## INSTRUCTIONS TO FOLLOW
Write the data out again, character for character, with no images.

## DATASET CONTENT
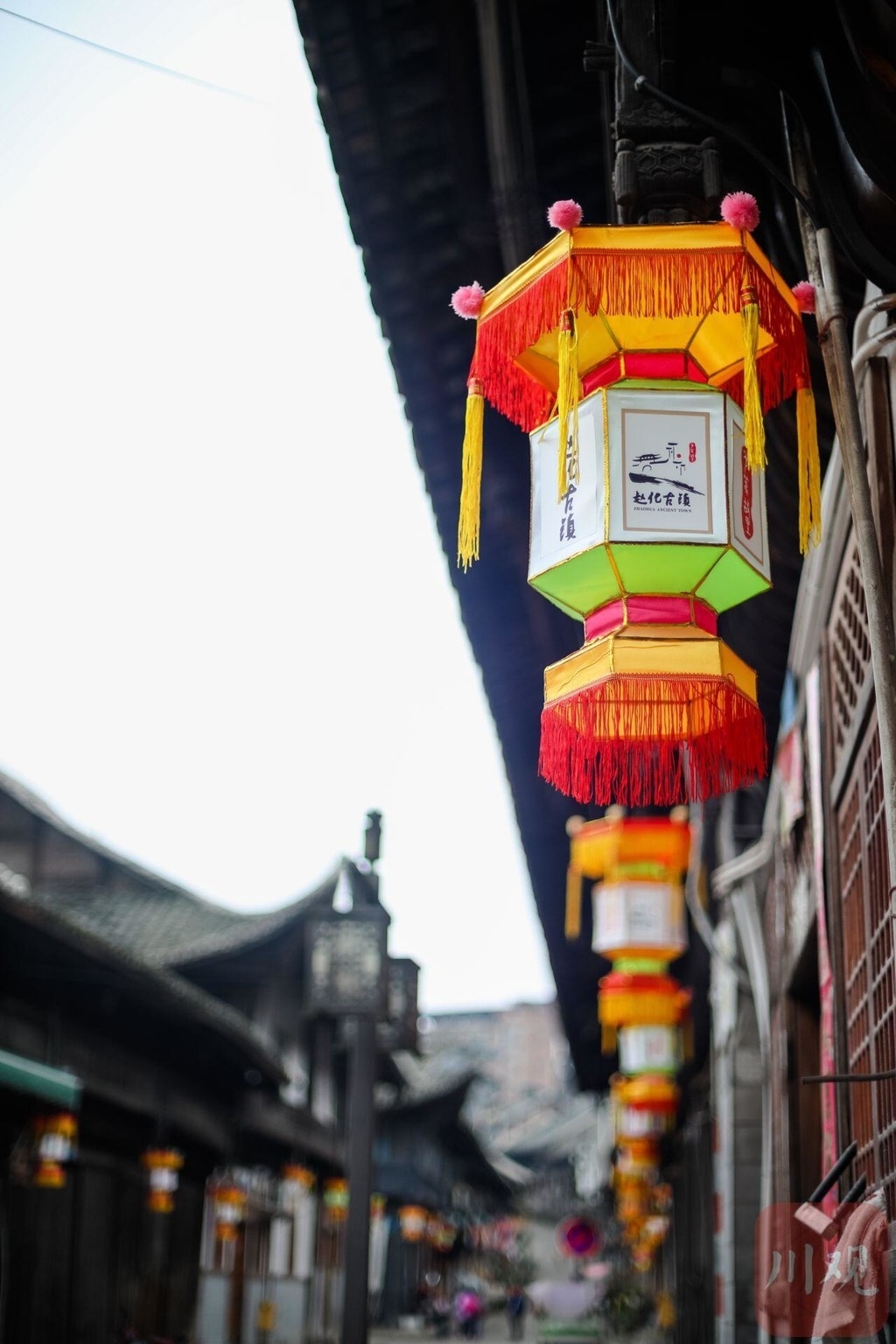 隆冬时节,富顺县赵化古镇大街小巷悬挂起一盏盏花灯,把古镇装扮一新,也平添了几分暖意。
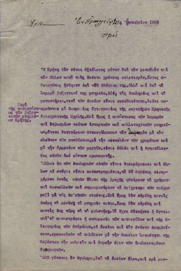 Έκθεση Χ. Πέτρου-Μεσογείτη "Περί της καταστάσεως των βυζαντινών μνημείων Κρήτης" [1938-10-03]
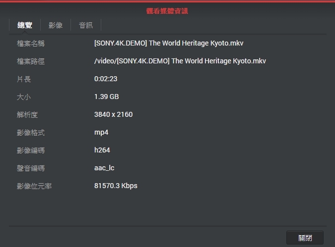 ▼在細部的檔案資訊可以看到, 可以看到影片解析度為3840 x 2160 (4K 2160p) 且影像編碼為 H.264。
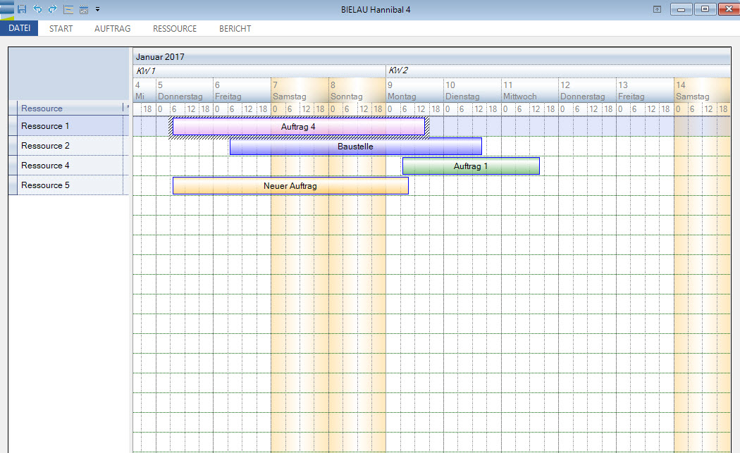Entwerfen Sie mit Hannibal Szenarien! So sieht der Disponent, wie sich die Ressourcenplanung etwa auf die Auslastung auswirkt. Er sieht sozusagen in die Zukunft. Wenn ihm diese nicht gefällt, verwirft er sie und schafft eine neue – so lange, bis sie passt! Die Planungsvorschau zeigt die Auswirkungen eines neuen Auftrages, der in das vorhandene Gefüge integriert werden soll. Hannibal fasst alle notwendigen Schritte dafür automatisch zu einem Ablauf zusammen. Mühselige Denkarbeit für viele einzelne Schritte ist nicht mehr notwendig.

## SOLUTION TO THIS EXERCISE
 隆冬时节,富顺县赵化古镇大街小巷悬挂起一盏盏花灯,把古镇装扮一新,也平添了几分暖意。
 Έκθεση Χ. Πέτρου-Μεσογείτη "Περί της καταστάσεως των βυζαντινών μνημείων Κρήτης" [1938-10-03]
 ▼在細部的檔案資訊可以看到, 可以看到影片解析度為3840 x 2160 (4K 2160p) 且影像編碼為 H.264。
Entwerfen Sie mit Hannibal Szenarien! So sieht der Disponent, wie sich die Ressourcenplanung etwa auf die Auslastung auswirkt. Er sieht sozusagen in die Zukunft. Wenn ihm diese nicht gefällt, verwirft er sie und schafft eine neue – so lange, bis sie passt! Die Planungsvorschau zeigt die Auswirkungen eines neuen Auftrages, der in das vorhandene Gefüge integriert werden soll. Hannibal fasst alle notwendigen Schritte dafür automatisch zu einem Ablauf zusammen. Mühselige Denkarbeit für viele einzelne Schritte ist nicht mehr notwendig.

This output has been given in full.